Wednesday, October 19, 2011

The Mystery of Epigenetic Heredity, and Its Possible Impact on Longevity

The basic mechanisms of life and inheritance function much the same in worms, fruit flies, mice, and humans. That is one reason why lower life forms are used so often in longevity research. Much shorter lifespans is another reason. A recent Stanford study on worms provides a hint at an epigenetic method of inheritance which may eventually prove useful for extending lifespans in human offspring.
The study used Caenorhabditis elegans worms with very low levels of the SET-2 enzyme. The SET-2 enzyme normally adds methyl molecules onto DNA's protein packaging material. In doing so, the enzyme opens up the packaging material, allowing the genes to be copied and expressed. Some of those genes appear to be pro-aging genes, says Brunet. Her team knocked out SET-2 by removing genes that code for it. This had the effect of significantly lengthening the worms' lifespan, presumably because those pro-aging genes were no longer expressed.

Next, the long-lived, enzyme-lacking worms mated with normal worms. The offspring had the regular genes for making SET-2, and even expressed normal amounts of the enzyme, but they lived significantly longer than control worms whose parents both had regular lifespans. The life-extending effect carried over into the third generation, but returned to normal by the fourth generation (in the great-grandchildren of the original mutant worms). For the first few generations, having a long-lived ancestor increased life expectancy from 20 days to 25, extending a worm's life by 25 to 30 percent on average.

Brunet and her team haven't yet determined the exact mechanism for the lifetime extension, or which molecules are at work. This is one of the study's imperfections, says David Katz, who researches epigenetic transcriptional memory at Emory University. Regardless, "the effect is clearly epigenetic," he says, "and it's probably one of the most complicated traits that has been linked to epigenetic inheritance."

...The results, published October 19 in Nature (Scientific American is part of Nature Publishing Group), provide the first evidence that some aspects of lifespan length can be passed from parent to offspring, independent of the direct influence DNA. _SciAm
Contrary to what Dr. Katz asserts above, the fact that the research team hasn't determined the exact mechanism for the lifetime extension is one of the study's great promises.

Remember, it is often the questions that a study raises which causes the study to become frequently cited, and immortalised -- not necessarily the questions the study answers.
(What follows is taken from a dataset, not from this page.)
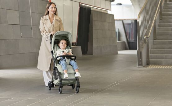 Wherever your journey takes you, the FLYLITE makes sure comfort is always on board. The extra-large extendable canopy with ventilation window protects your little one from sun and light rain while keeping the air fresh inside. Backrest ventilation adds breezy comfort on warmer days, and the included comfort soft insert makes every ride cosy and snug. Thanks to smooth all-wheel suspension and swivel wheels, every stroll feels effortless – whether through the park, the city, or on your travels.

Studies that raise good questions often act as springboards for entire new developments in science. Such may be the case here.


Sunday, October 09, 2011

What Supplements Should Be Taken to Preserve the Brain?

A recent study published in the Journal of Intelligence looked at the effects on IQ of a proprietary combination of nutritional supplements, called Ceretrophin, vs. placebo. The combination is made up of Huperzine A, Vinpocetine, Acetyl-l-carnitine, R. Rosea and Alpha-lipoic acid, all readily available over the counter in the US. The researchers tested the subjects on Ravens Advanced Progressive Matrices (APM) prior to treatment and after 4 weeks of treatment or placebo.
A significant study visit (time) treatment condition interaction was found: F (1, 57) = 7.279, p = 0.009, partial 2 = .113, with paired samples t-tests revealing a significant improvement in mean APM score from baseline to retest (week 4) (t(34) = 4.045, p < .001) for the Ceretrophin group. Improvements in APM scores could be attributed to the active intervention over the placebo, indicating that the treatment improved general intelligence. Implications for improving our understanding of the biological basis of intelligence and pharmacologically improving human cognition are discussed. _Intelligence_via_Inductivist
Ron Guhname at the Inductivist blog suggests that this improvement in Ravens APM scores represents an increase in IQ score of 6 points (see comment at link).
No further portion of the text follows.